I discovered the perfect Christmas present at work the other day after eating fish and chips too fast. I was wearing too many layers for the office, where heating is pumped from unusual angles bringing with it the smell of lasagne or sewer, and I was sweating. Partly, it was the layers, partly it was the meeting due in five minutes, which was about the future of our jobs, and I was in a rush to get a seat at our possible execution. By the sinks I removed a jumper and washed my hands, and joined my colleagues in a bright glass room. But, as the meeting began and my hands became fists, I realised something awful. I was missing a ring from my little finger. It was small and silver, in the shape of a tiny safety pin – I’d bought it 20 years ago on my first week at work and worn it every day since. Its loss struck me as ominous.

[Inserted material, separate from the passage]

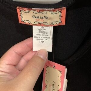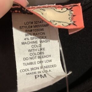 New with tags. Size petite medium. On the longer tunic side in length. Features a colorblocked pattern with a floral stripe print at the bottom. The colors are black, white, pink, and green.

I am largely anti-Christmas present. I write this as a person who has helped compile numerous magazine gift guides, blithely sticking a cashmere sock beside, perhaps, organic sausages containing the Tibetan goat they were sheared from, beside a coffee table book about fonts, beside a hairclip in the shape of Ruth Bader Ginsburg and, for the dads, a rake. The guides have come to open up for me a crack of dissatisfaction that creaks wider with every caviar cookbook, every feminist earmuff. I write this as a person, too, for whom shopping has come to feel like a treacherous bloodsport, a person who once took shelter in the Greggs concession upstairs at Primark and had to drop a pin so friends could organise a welfare check.

I don’t know if you’ve ever been Christmas toy shopping with kids, but let me tell you, the experience is wild – today the stores are guarded by creatures that are half-human, half-toy soldier, who appear to be just awakening to this fact, live in front of you, by the bears. They present themselves to be photographed with your children whether your children like it or not, a chance for these half-soldiers to be witnessed in transition between worlds perhaps, a sign to the gods that cursed them. At Selfridges last weekend, we emerged from a screening of Wicked into a Christmas-shopping performance that was just as beautifully produced as the film. My entire family was overwhelmed in different directions, my daughter with want, the desire to purchase every single bloody thing, regardless of use or price – in the space of 10 minutes she picked up a) a £70 Tamagotchi, b) a can of novelty Coke and c) a glittery handbag in the shape of salad. My son collapsed in tears when prevented from climbing a Christmas tree, and my partner, ha, holding this crying pink boy amid a crowd of people admiring wallets, suddenly shouted “ARSENAL” very loudly, and punched the air.

We all turned to look at him. He’s not the type of man, usually, who shouts “ARSENAL” and punches the air in public – he is a composed man, who stands politely in his nice jacket mutely accommodating our various tantrums, but something had shifted. What was it? “Are you OK, Daddy?” asked our daughter, quietly. On his shoulder, our son stopped crying, scared. Mark’s mouth remained open, his cheeks slightly flushed. He seemed more surprised even than us at his outburst, as if the Christmas shopping spirit had entered him uninvited and dragged an exclamation up from his stomach. He stumbled, explaining slowly that the man who had just limped past (“Heyhowareyou”) was a football defender called Riccardo Calafiori and this was how his body, apparently, had reacted to the experience. We watched the young man walk towards the beauty hall – he was leaning heavily on a small bald friend (“Groin injury,” Mark croaked) and looked back at Mark with wonder. He looked confused, as if he had just woken up on a beautiful beach at the end of the world. We floated out into the drizzle having bought nothing.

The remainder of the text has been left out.